How to *efficiently* monitor a webpage modified with javascript?

How to *efficiently* monitor a webpage modified with javascript? - python

I'm trying to monitor an element on a website that's generated via javascript. The problem of downloading a javascript modified page has been handled before, I borrowed the following code that solves the problem with PyQt.
But when I set this code to run every 20 seconds, my network traffic averages 70KB/s down 5 KB/s up. The actual page saved is only 80KB, but is javascript heavy.

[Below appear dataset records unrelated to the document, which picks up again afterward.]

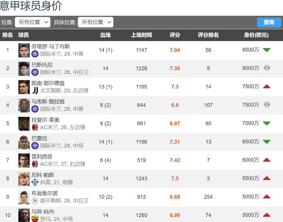 ไม่มีการเปรียบเทียบ ไม่มีความเสียหาย ลาลีกาและพรีเมียร์ลีกต่างก็มีผู้เล่นมูลค่า 100 ล้านยูโรเจ็ดคน ในขณะที่บุนเดสลีกามีสองคน ตอนนี้ลีกเอิงได้แซงบุนเดสลีกาด้วยผู้เล่นที่มีมูลค่าดังกล่าวสามคน ลีกชั้นนำเพียงลีกเดียวที่ไม่มีผู้เล่นมูลค่า 100 ล้านยูโรคือเซเรียอา ซึ่งบ่งบอกถึงการเสื่อมถอยของลีกนี้ได้เป็นอย่างดี ผู้เล่นที่มีมูลค่าสูงสุดในเซเรียอาในขณะนี้คือ ลาอูตาโร่ มาร์ติเนซ กองหน้าของอินเตอร์ มิลาน ซึ่งมีมูลค่า 85 ล้านยูโร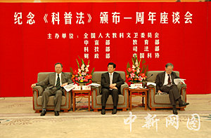 為此,中國全國人大教科文衛(wèi)委員會、中共中央宣傳部、教育部、科技部、司法部、財政部和中國科協(xié)二十九日聯(lián)合在北京人民大會堂舉行座談會,紀念這一世界首部科普法規(guī)誕生一周年。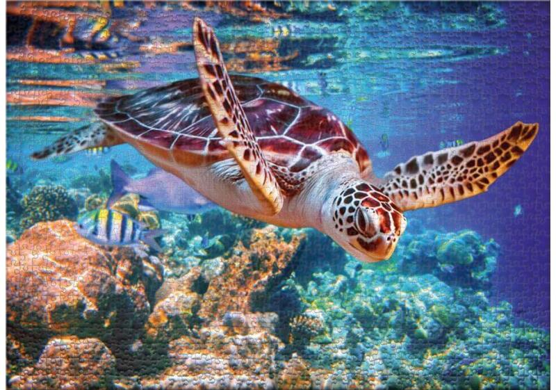 Merülj a tenger mélyére ezzel a fenséges tengeri teknőssel. Az Ulmer 3726 - Sea Turtle - 500 db-os puzzle képe végtelen békét és nyugalmat sugároz.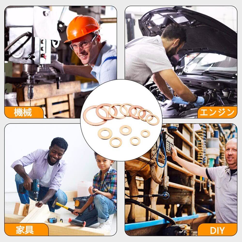 【特価セール】YFFSFDC 平座金 銅ワッシャー 銅リング m5/m6/m8/m10/m12/m14 密封リング シールガスケットセット 良い気密性 耐食性 耐久性 200pcs 収納ケース付き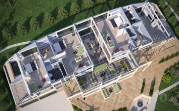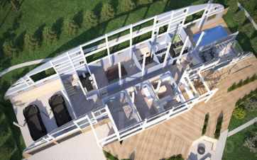 Сейчас заканчивается строительство дома XL по такому проекту на участке 23. Фотографии строительства этого дома выложены вместе с рендерами проекта.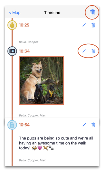 From here you can delete the entire walk (helpful in case you started with the wrong pet).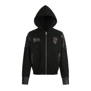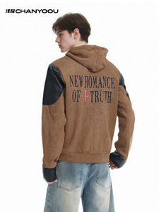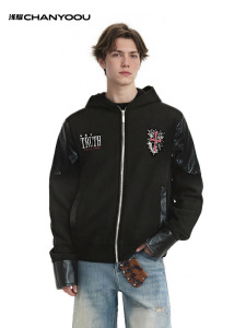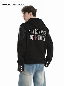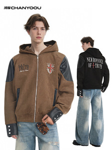 浅耀男装|美式复古重磅vibe皮质盔甲拼接解构夹克男连帽拉链外套

6GB a day is not reasonable, my ISP has data limits and I already toe the line.
Is there a way to modify this code so that, for example, it only executes the javascript that corresponds to a specific element on the page? If so, how would I go about figuring out what I need to execute? And would that have a significant effect on the network traffic I'm seeing?
Alternately, how SHOULD I be doing this? I considered making a chrome extension, as Chrome would already be handling the javascript for me, but then I have to figure out how to integrate it with the rest of my project, and that's brand new territory for me. If there's a better way I'd rather do that.

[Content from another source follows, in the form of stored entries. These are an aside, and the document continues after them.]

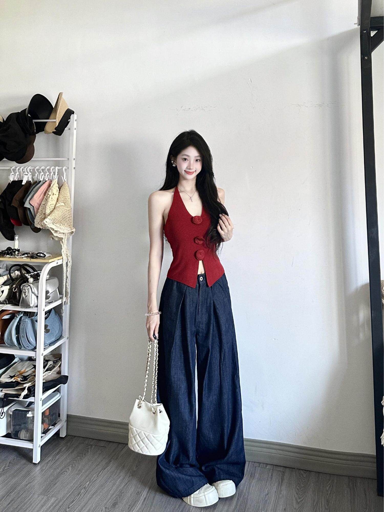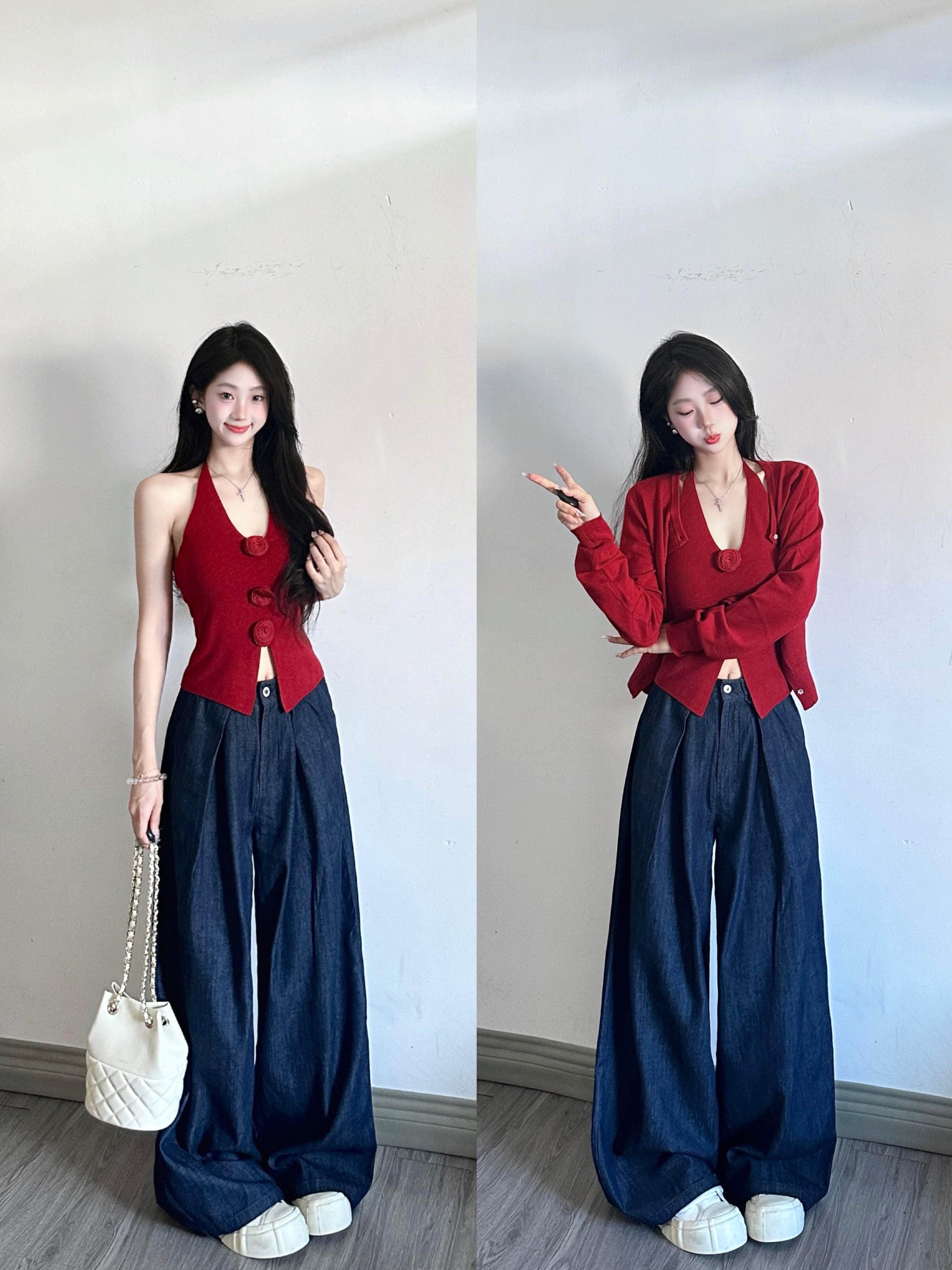 Красный осенний модный комплект, кардиган, майка, французский стиль, облегающий крой, в цветочек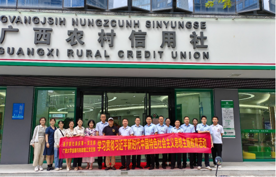 /中国-东盟金融合作学院教工金融与财政党支部和南宁市邕宁信用联社良庆第一党支部在邕宁区那马镇联合开展主题党日活动。主题党日活动分为学习研讨和开展调查研究两个环节,在深入学习贯彻习近平新时代中国特色社会主义思想的基础上,进一步围绕金融服务实体经济、普惠金融创新、校企联合人才培养等方面开展深入具体的调查研究。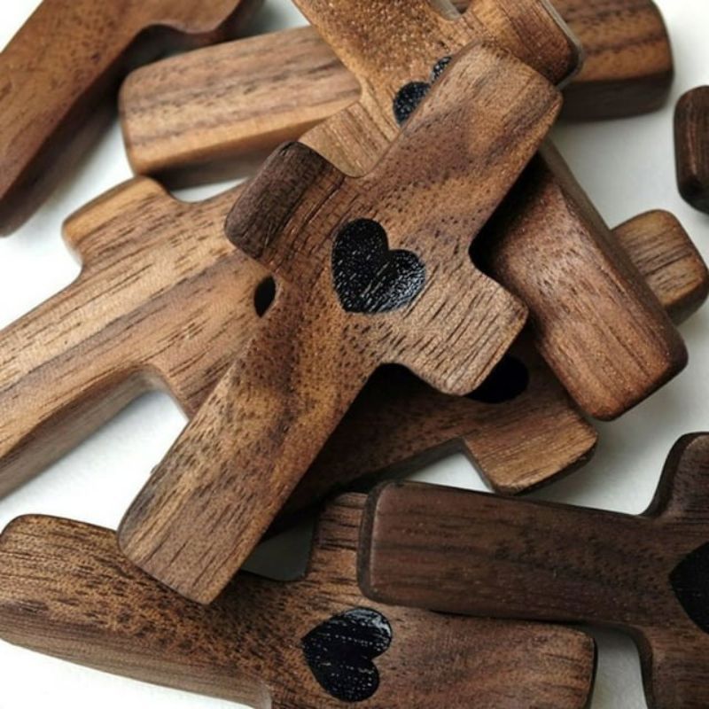 We are devout Christian craftsmen. These crosses are carved from black walnut. We believe in the power of prayer and carved these wooden crosses. Using a cross can be a calming influence in stressful situations and remind us not to forget about world peace and love.

#Borrowed from http://stackoverflow.com/questions/19161737/cannot-add-custom-request-headers-in-pyqt4
#which is borrowed from http://blog.motane.lu/2009/07/07/downloading-a-pages-content-with-python-and-webkit/
import sys, signal
from PyQt4.QtCore import QUrl
from PyQt4.QtGui import QApplication
from PyQt4.QtWebKit import QWebPage
from PyQt4.QtNetwork import QNetworkAccessManager, QNetworkRequest, QNetworkReply
cookie = ''#snipped, the cookie I have to send is about as long as this bit of code...
class MyNetworkAccessManager(QNetworkAccessManager):
def __init__(self, url):
QNetworkAccessManager.__init__(self)
request = QNetworkRequest(QUrl(url))
self.reply = self.get(request)
def createRequest(self, operation, request, data):
request.setRawHeader('User-Agent', 'Mozilla/5.0')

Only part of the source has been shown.